Wicked Cicadas
The way to know whether the hum was them wicked cicadas or even worse them overhead power lines was to wait, Momma said. If the hum died like a breeze passing, it was them critters in the trees. Otherwise a line was like to blow and soon, like near a sneaky dusk last summer when one a the thick ones snapped and landed smack on Rudy’s car top, charring the green paint black and hot like Devil’s hell must feel at night. When the sparks was spewing, Momma wouldn’t let Rudy go near the thing until the men in the white truck arrived and the sparks stopped spewing all crazy all around onto the dried mud and rock.
Tonight, we all three of us waited and listened for the hum to die like a breeze in passing. Rudy’s car was way over by the willow now, alongside the porch. We couldn’t barely seen it from the porch cept for a shiny green butt, painted new only bout a week after the Lord had tried to take her from us. Rudy said he was sure he ain’t gonna leave his baby in the hands of the Lord no more. Momma rolled her eyeballs.
The dishwasher churned in the kitchen, covering the hum. And so tonight we listened real hard.
The cicadas killed three baby elms all by theyselves last summer, Momma said. She said it wasn’t no Dutch disease or no pesticides that did it. It was the bugs. I ain’t never seen one, but Momma showed me a picture on the computer and said they eat em in China, too. I said they must not have nothing good for foods in China if they eat them ugly things. Momma asked if I thunk a cow’s rear end was a pretty thing.
There ain’t no cows near our house no more. When Momma was young they was, she said. They was all along the north to the highway where the fence is. Momma said the highway wasn’t paved none and was just a road when the cows was round. Rudy and me was told not to play near the fence when we was younger on account of rust and nails and splinter woods. Rudy didn’t listen and he jumped over a splinter wood onto a metal rod that shoved clear through his foot and he couldn’t walk none for round a month.
Bit of fence are still out there on the parts of land that we ain’t sold because things slowed down so much in these years. Momma said it was because of the men in the cities who didn’t know how to build nothing. All they known how to do is steal things, Momma says. The dishwasher clanked stopped and we listened to the hum, which is more of a real quick drumming. A real quick thump thump thump thump on to infinity. They teached us that in science last year.
Momma said she’s saving up so I can go to a fancy school and learn how to steal things like the other men in the cities. She said there ain’t nothing worth building no more.

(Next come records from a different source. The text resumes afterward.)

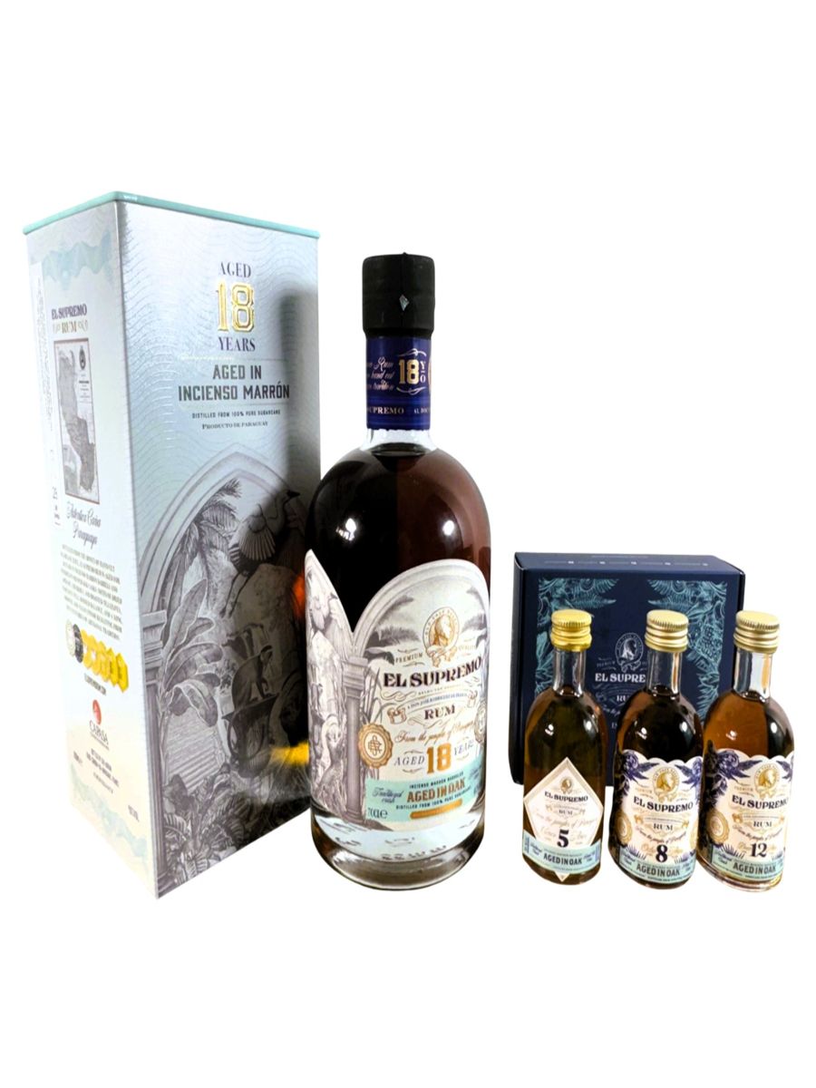 Get a set FREE miniature gift set of the 5, 8 and 12 years El Supremo Rum, valued at £20, with each bottle of El Supremo 18Years Old purchased
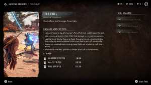 The first Trial of The Daunt Hunting Trials is the Tear Trial. This has Aloy shooting out the Power Cells of Scroungers and then looting them. Aloy's Tear Damage isn't too high at the beginning of the game, but a fully charged arrow or two will still be enough to knock off the Power Cell. If players are having trouble knocking it off, they can use Coils to increase their Tear Damage.
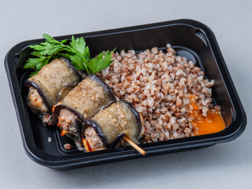 Hrișcă și rulouri de pui cu vinete
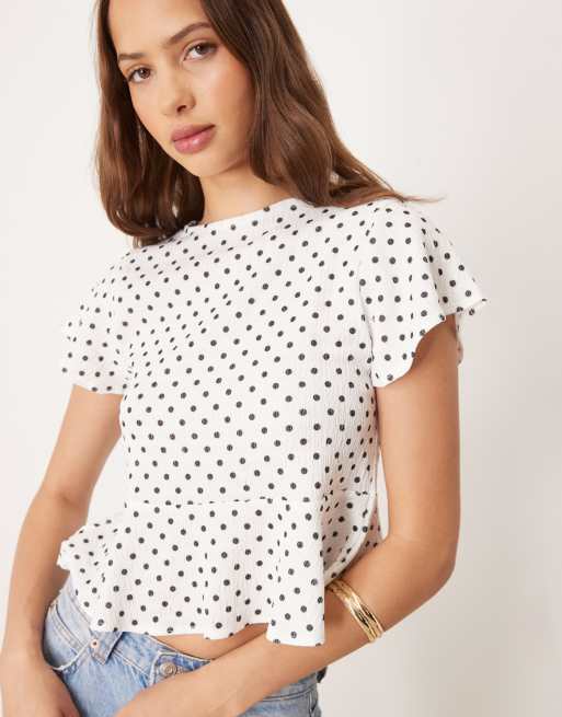 ASOS DESIGN - Rechte top met ruches in crème met stippen

It’s all been built and a person’s got to take what he can get now. That’s what Momma said. The hum didn’t stop and I looked over at Momma and she looked worried. She said to Rudy and me to go pack a bag each in case we need to go over to Aunt Rita’s again.
Them power lines is just temporary, Momma said. She said the man in the white truck told her they gonna take down the wooden sticks that holding things up and put in real strong metal poles. That was last summer and we ain’t seen no white trucks since. Momma said when she was a girl there weren’t no running water or no power lines but they been here long as I can recall. We shouldn’t be scared of nothing cause if a line breaks it falls on the earth and the earth eats up all the power. They teached us in science this is what is disbersion. Once the power coulda got to us, it don’t matter none cause it’s so small. I went got my bag from the floor of my closet. It was still packed from last time we went over to Aunt Rita’s. Aunt Rita lives in what’s now the suburbs, Momma said. She said it used to be big land like all of this, but now’s close houses and dogs that bark and fences you can’t see over at all. I don’t know why no one would want a fence you can’t see over, but Momma says that’s what people do when they live real close because they don’t like looking each other in the eyeballs. I gone out my room with the bag. When I was back at the porch, the sky opened downward and rain drowned out the sound of the hum. Momma said that settled it and we need go to Aunt Rita’s now. Rudy always been slower than me even though he’s three and two thirds years older. He gone out of his room with no bag and Momma ask him what you doing, boy. Rudy said he going to move his car in case a storm come. He don’t want the willow crashing or dropping nothing on it. Momma said to hurry up, then. Rudy run out into the rain and the mud splashed in his footprints. The rain come down like a howl. When Rudy almost to his car, a power line thwacked and fell and Rudy blowed forward into the tree. I started to run at him, but Momma grabbed me. Momma said the whole earth was electric, disbersion or no. Rudy stayed stuck at the base of the tree. He didn’t move none. He gonna be alright, Momma said. Momma and me stood on the porch and listened to the hum a the wire and the wire yelled into the wet earth.